Crowdsourcing Adverse Test Sets to Help Surface AI Blindspots

For every participant we maintain the following in the leaderboard:

  • Submitted Images: number of submitted images per participant;
  • Remaining Quota: remaining number of images a participant is allowed to submit;
  • Adverse Examples: number of adverse examples (i.e. human verified false positive or false negative) that this participant identified;
  • Bonus Quota: number of additional images that this participant is allowed to submit.

Bonus Quota: We multiply the number of Adverse Examples a participant has discovered by 5 in order to calculate the bonus quota per participant.
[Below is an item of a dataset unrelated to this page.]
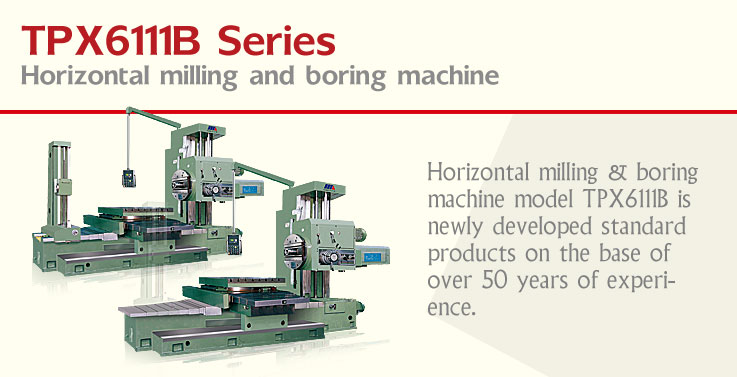Horizontal milling & boring machine model TPX6111B is newly developed standard products on the base of over 50 years of experience, with the absorption of cream technology from home and abroad products, and with perfect properties.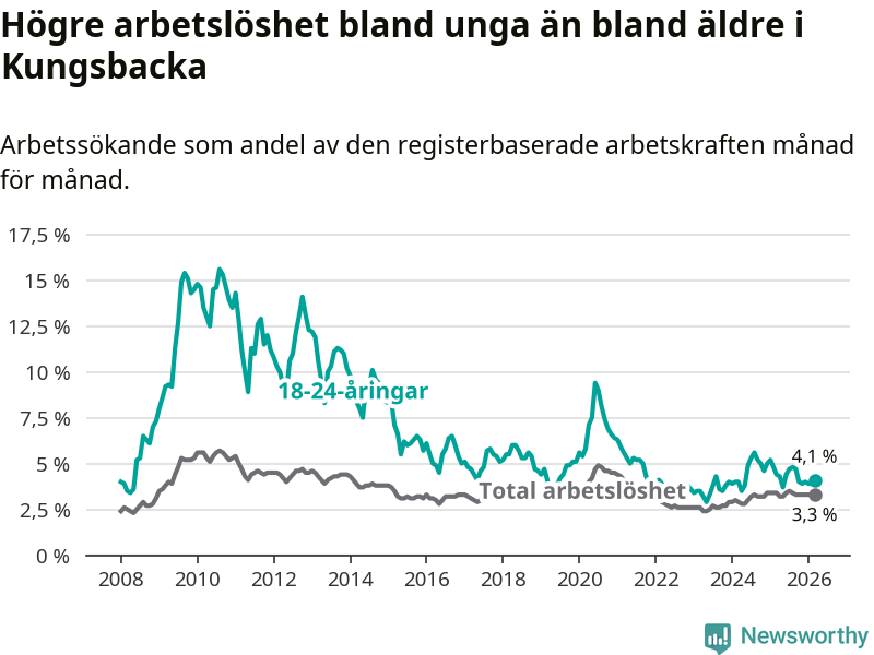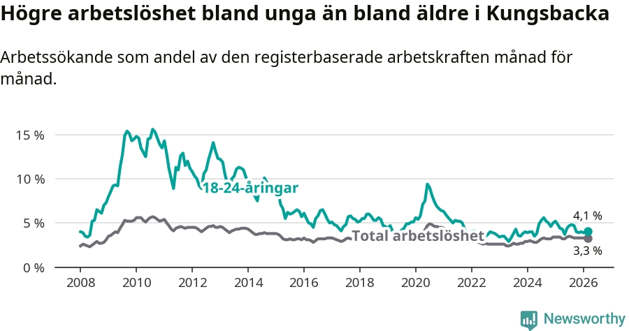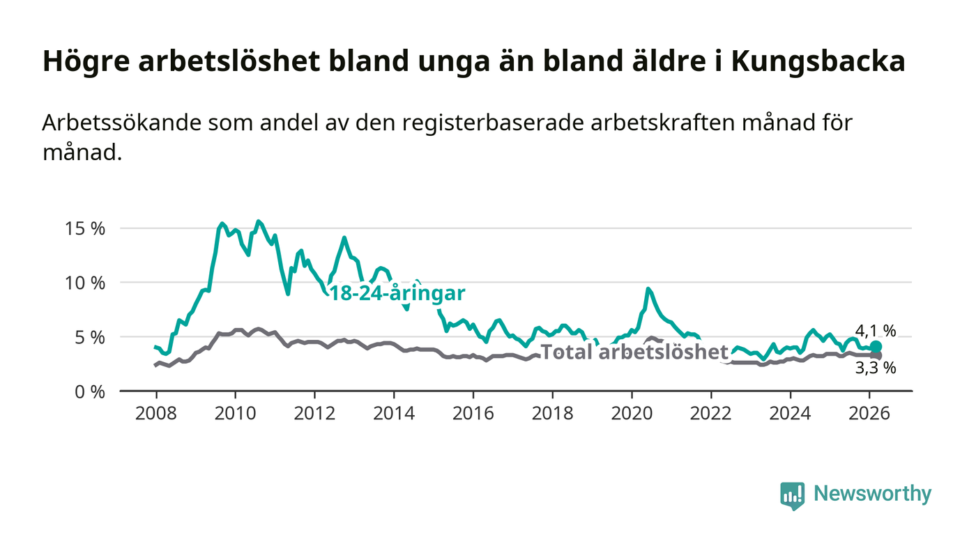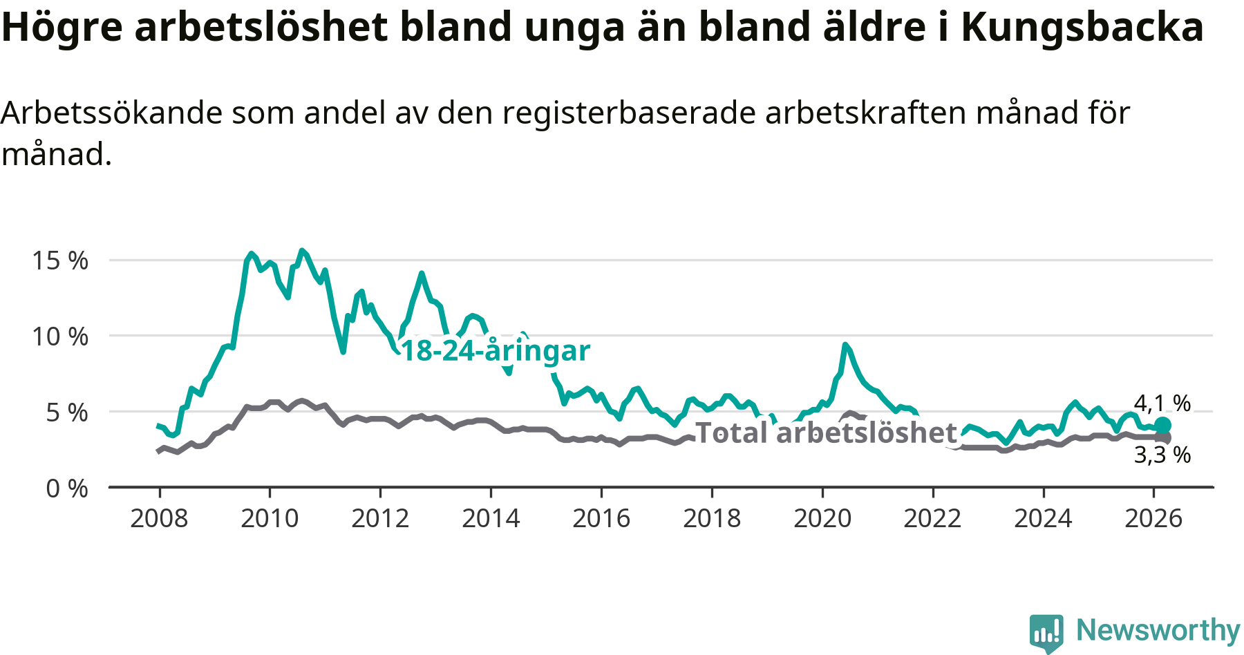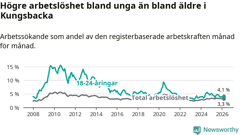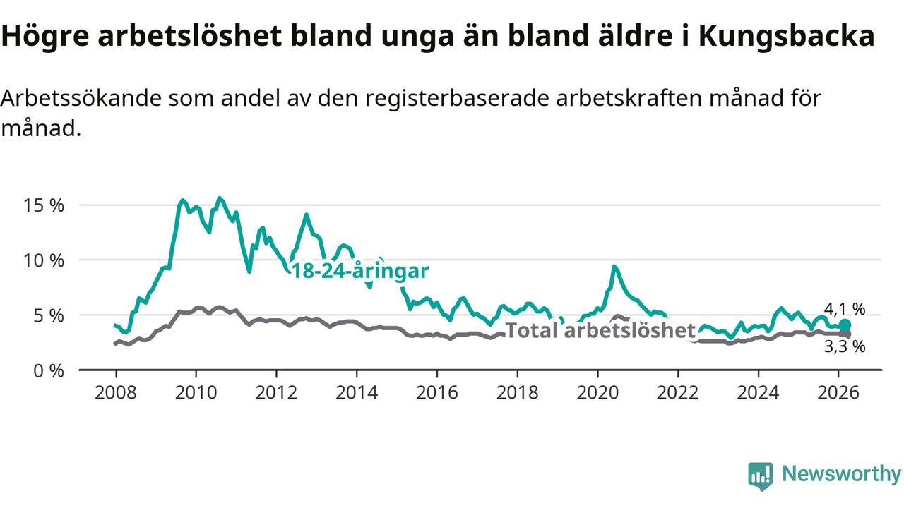 I och med den senaste månadens nedgång har de ungas arbetslöshet i Kungsbacka sjunkit elva månader i följd (ner från 4,3 procent i april 2025 till 4,1 procent nu).

In other words, for every example that is scored as adverse the participant will be allowed to submit 5 more image-label pairs.

Human verification: Human raters will be rating all the image-label pairs in the submission Queue by the participant continuously throughout the challenge.

Awarding points: If multiple participants submit the same image-label pair, a point is awarded to the first participant who submits it (based on the timestamp in the submitted images queue)

Adverse examples: Image-label pairs for which the human verification is in disagreement with a machine prediction, e.g.

  • human verification = Y, machine prediction = N (false negative);
  • human verification = N, machine prediction = Y (false positive).

Winner: The winner is the participant with the highest number of Adverse Examples when the competition closes.